Vorremmo sapere cosa gli accade nel caso in cui non ce la facciano, muoiano, il perché di loro non si sa più nulla. Magari non potremmo ricostruire ogni singolo ultimo istante di vita ma perlomeno provare a spiegare, con l’aiuto di chi in certi ospedali e reparti lavora, il dove e il come rivederli per l’ultima volta.
Un documento pubblico redatto dall’istituto Nazionale per le malattie infettive “Spallanzani”, detta le istruzioni sulla gestione delle salme di pazienti con sospetta e accertata infezione respiratoria da Coronavirus Covid-19: detta procedura si basa sulle linee guida provvisorie tramesse dalla WHO (World Health Organization – Organizzazione Mondiale della Sanità).
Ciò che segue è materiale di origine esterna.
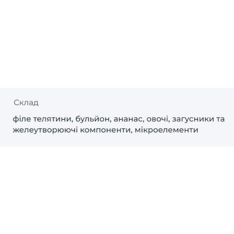 Полнорационный беззерновой влажный корм из кусочков филе телятины с ананасом для собак. Гипоаллергенный. Монопротеиновый.

La procedura prevede che l’infermiere di turno nel reparto dove è avvenuto il decesso, nell’attesa dell’arrivo degli operatori funebri, deve curare la predisposizione della salma avvolgendola in un lenzuolo e cospargendo il tessuto di soluzione allo 0,5% di Ipoclorito di Sodio (candeggina). Sulla salma viene messo un apposito cartellino di identificazione e la corrispondenza dei dati anagrafici, poi posta nel sacco. Il sacco chiuso a sua volta, con un altro cartellino identificativo, spruzzato o igienizzato con Ipoclorito di Sodio.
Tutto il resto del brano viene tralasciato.